Everyone in society possesses numerous social roles and as we’re all told growing up, there’s an appropriate time and space for everything. In other words, (most) parents know better not to speak to their children in the same language that they would speak to their friends. Then again, through this lens, dropping the “f-bomb” wouldn’t be such a big deal for some parents, as it may be for other parents. I think the essence of this issue, as it relates to the Pope, involves power and equality. Parents and children are not considered “equals,” regardless of how much time spans and from this respect, parents will always have more “power” over their children. Whether the Pope intended on using the “f-bomb,” or if it was his listeners’ minds that were in the gutter, I think this scenario highlights the fact that language is a powerful tool to measure social boundaries and the relationship(s) between individuals and certain socials players or audiences. We wouldn’t expect the Pope to drop an “f-bomb” during his speech, but we should probably expect the same for a college president during his/her speech at commencement, or even a more informal setting, where a parent is communicating to his/her child but the boundaries remain. Or not?

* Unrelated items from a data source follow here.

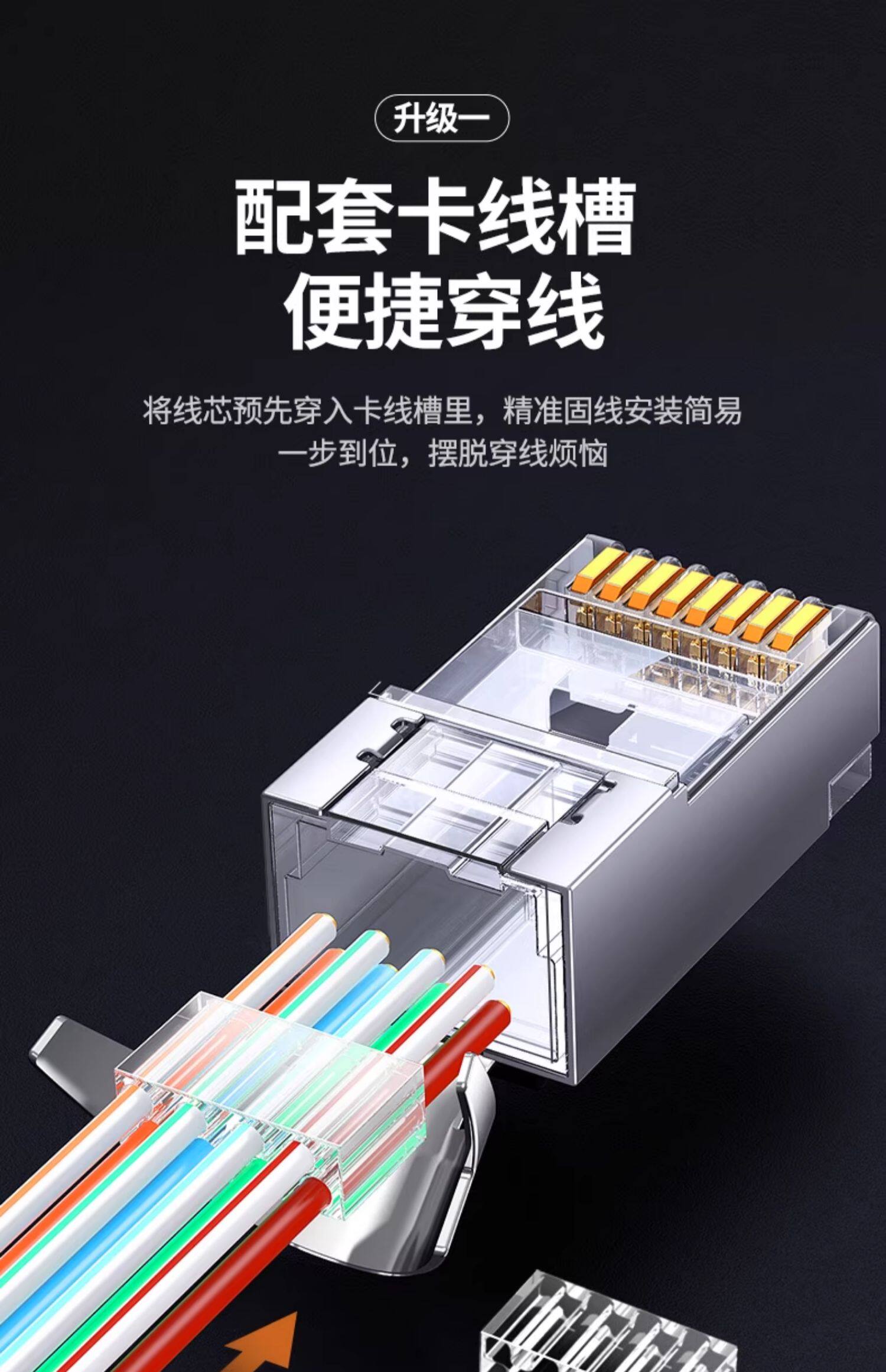 2、根据需要选择T568A/B的方式接线,将导线槽固定在网线上 (以T568B示范)
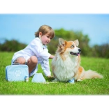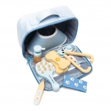 Met de complete dierenartskoffer kunnen kinderen knuffels en dierenfiguren verzorgen als een echte dokter. De set bevat instrumenten zoals een stethoscoop, thermometer, otoscoop, injectiespuit, verband, borstel, beschermkraag en andere accessoires. Alles is opgeborgen in een stevige textielen tas met pootafdruk, ideaal om mee te nemen en op te bergen.
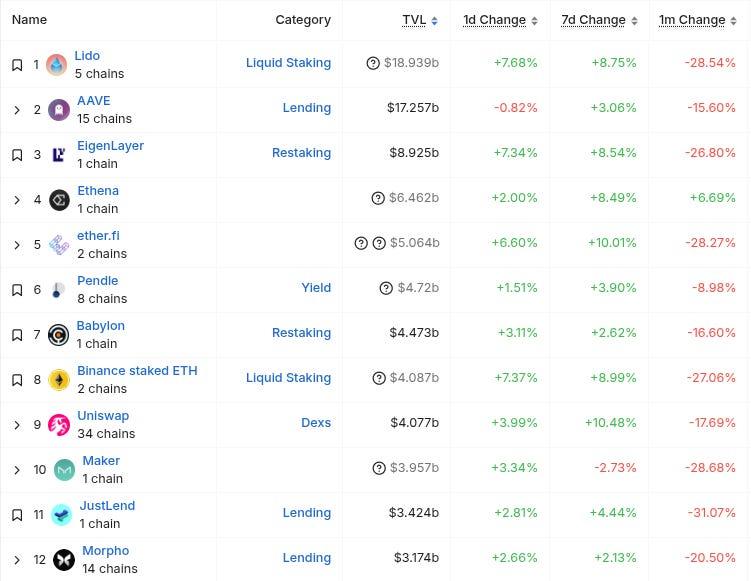 以下是TVL前12位的協議 (來自 @DefiLlama):
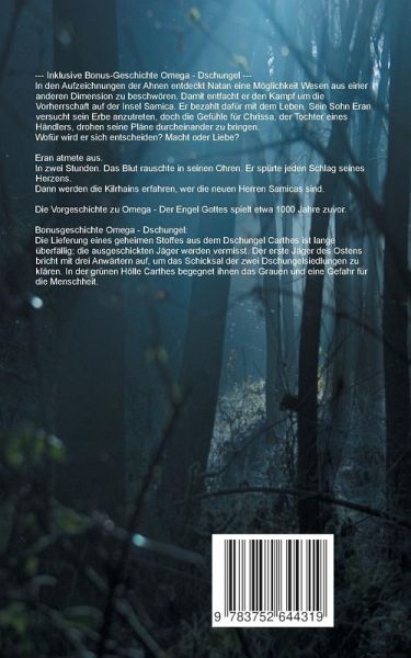 --- inklusive Bonus-Geschichte Omega - Dschungel ---In den Aufzeichnungen der Ahnen entdeckt Natan eine Möglichkeit Wesen aus einer anderen Dimension zu beschwören. Damit entfacht er den Kampf um die Vorherrschaft auf der Insel Samica. Er bezahlt dafür mit dem Leben. Sein Sohn Eran versucht sein Erbe anzutreten, doch die Gefühle für Chrissa, der Tochter eines Händlers, drohen seine Pläne durcheinander zu bringen.Wofür wird er sich entscheiden? Macht oder Liebe?Eran atmete aus.In zwei Stunden. Das Blut rauschte in seinen Ohren. Er spürte jeden Schlag seines Herzens.Dann werden die Kilrhains erfahren, wer die neuen Herren Samicas sind.Die Vorgeschichte zu Omega - Der Engel Gottes spielt etwa 1000 Jahre zuvor.Bonusgeschichte Omega - Dschungel:Die Lieferung eines geheimen Stoffes aus dem Dschungel Carthes ist lange überfällig; die ausgeschickten Jäger werden vermisst. Der erste Jäger des Ostens bricht mit drei Anwärtern auf, um das Schicksal der zwei Dschungelsiedlungen zu klären. Inder grünen Hölle Carthes begegnet ihnen das Grauen und eine Gefahr für die Menschheit.Mit diesen beiden Geschichten erhaltet ihr eine Einführung die Welt von "Omega - Der Engel Gottes".Bisher erschienen:Omega - Die Zauberer--------- ca. 1000 Jahre -------Omega - Dschungel (Kurzgeschichte)Omega - Der Engel Gottes
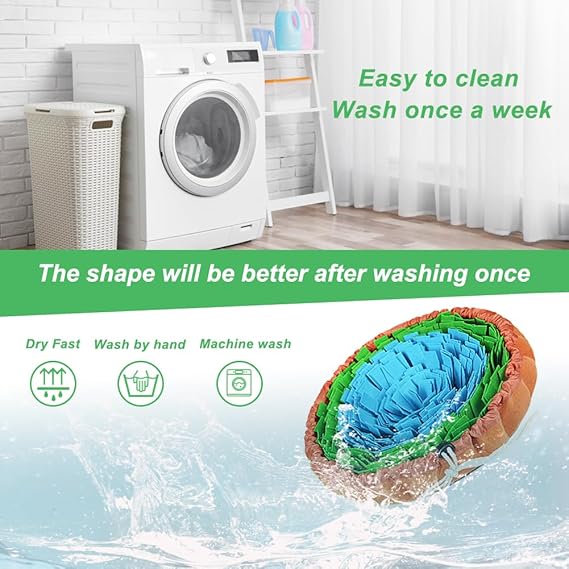- SAFETY MATERIALS - The main material of sniff mat is felt cloth, which is safe but not chewproof. Hand wash and machine wash available. When you receive this felt snuffle mat, machine wash it once to make the shape as good as the picture
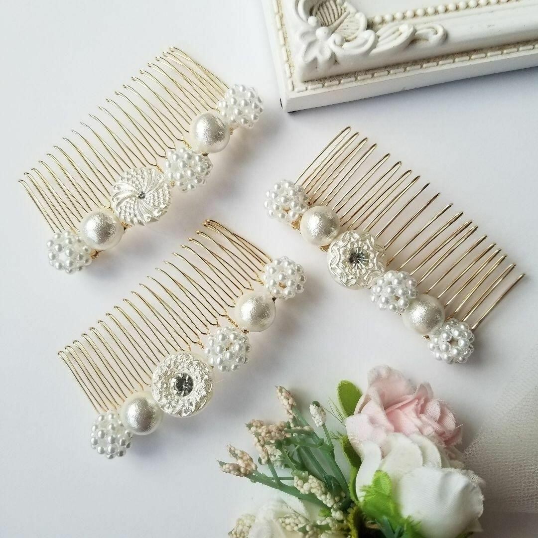 美しい輝きを放つチェコガラスボタンを主役に、パールを贅沢にあしらった華やかなヘアコームです。
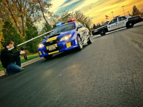 To get his enhanced shots of the Subaru, Baumgardner attached a rolling camera rig that included a Manfrotto Magic Arm, Canon T2i DSLR camera, and Tamron 10-24mm lens.
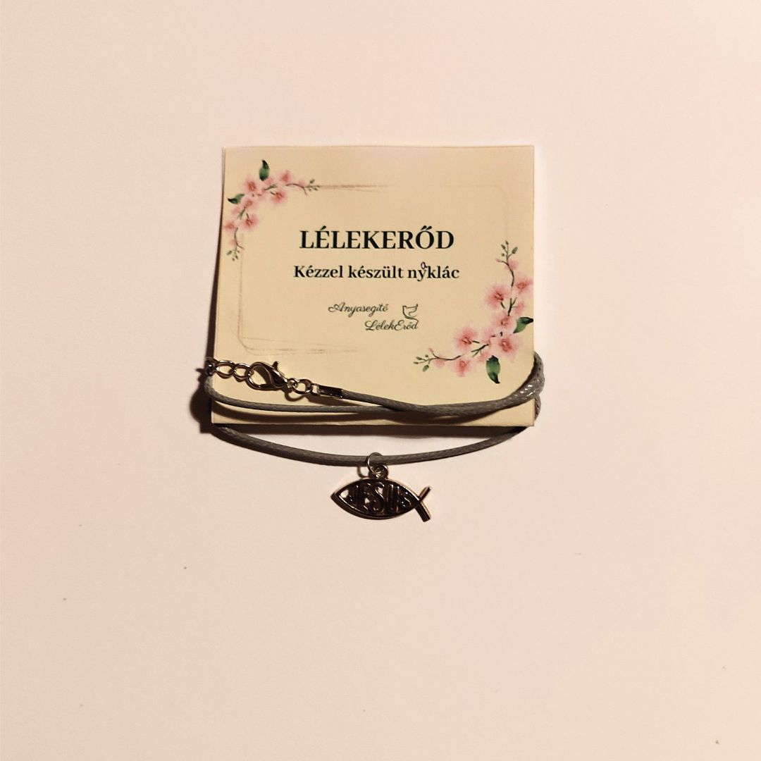Hal alakú kereszt motívum szürke zsinóron. A LélekErőd kollekcióban a keresztény hit jele, amely emlékeztet arra, hogy Jézus követése csendes tanúságtétel is lehet.
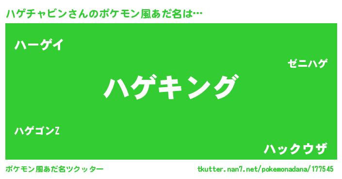 | ヘコむあだ名 | 『ハゲチャビン(小並感)』『ハゲお』 |
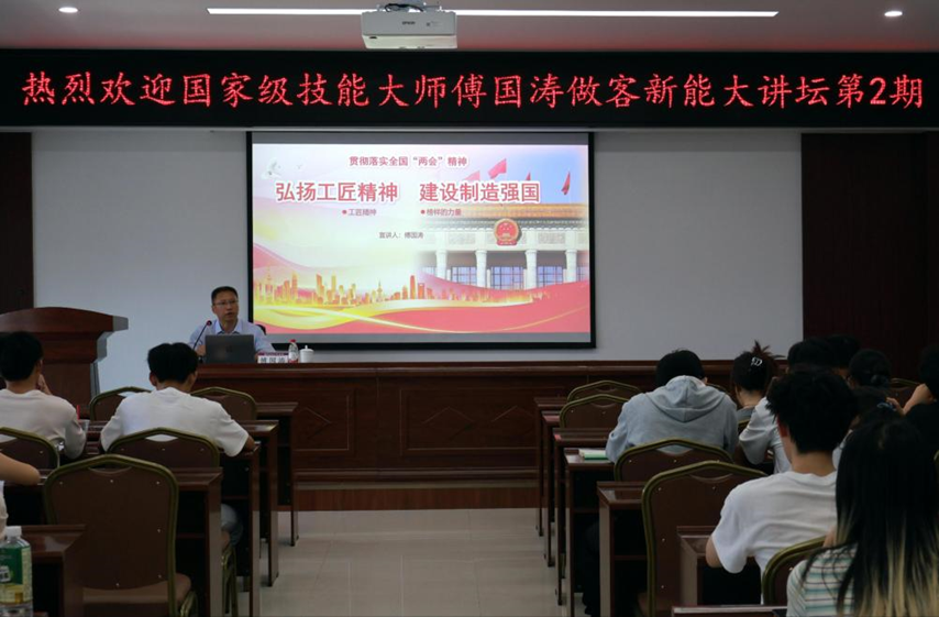 5月21日下午,材料与新能源学院举办“新能大讲坛”第二期活动,特别邀请中国船舶集团首席技师、国家级技能大师工作室领衔专家傅国涛作题为《弘扬工匠精神 建设制造强国》的专题讲座。学院2023级和2024级研究生100余人现场聆听讲座。
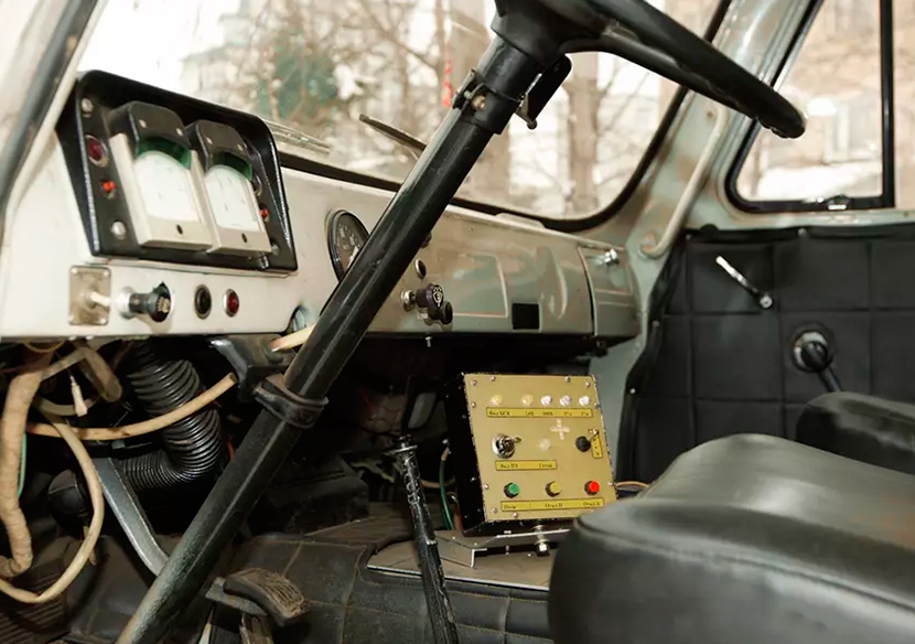 Мы уже говорили, что внешне УАЗ-3801 почти не отличался от обычной «буханки». Зато необычная панель приборов легко выдавала в нем электромобиль. Так, под рукой водителя находился пульт управления электрической установкой, амперметры и вольтметры. Педалей также было три: тяговая, штатный тормоз и рекуперация.

Your comment reminds me of the fact that the words we use for socially unacceptable speech–“profane,” “vulgar”–originally referred to the secular and the common. We inscribe these social differentials right into language by creating an identity between socially unacceptable behavior and the common person. To speak in coarse language is therefore to be identified as not-Great. To speak “properly” is to bring oneself a step closer to respect, admiration–and thereby power.